_How to complete this task_
From the material below, list every line containing "with".

──────── Data extract ────────

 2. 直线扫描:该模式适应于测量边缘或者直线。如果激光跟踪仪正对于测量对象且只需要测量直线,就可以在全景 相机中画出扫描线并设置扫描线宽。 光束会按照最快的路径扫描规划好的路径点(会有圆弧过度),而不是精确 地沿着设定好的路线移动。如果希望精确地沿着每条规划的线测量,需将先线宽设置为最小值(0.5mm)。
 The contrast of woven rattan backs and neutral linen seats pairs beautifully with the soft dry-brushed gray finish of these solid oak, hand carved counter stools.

────────
──────── Data extract ────────

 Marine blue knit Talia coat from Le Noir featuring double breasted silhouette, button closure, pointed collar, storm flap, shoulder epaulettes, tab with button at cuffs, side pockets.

────────

_Response box_
 The contrast of woven rattan backs and neutral linen seats pairs beautifully with the soft dry-brushed gray finish of these solid oak, hand carved counter stools.
 Marine blue knit Talia coat from Le Noir featuring double breasted silhouette, button closure, pointed collar, storm flap, shoulder epaulettes, tab with button at cuffs, side pockets.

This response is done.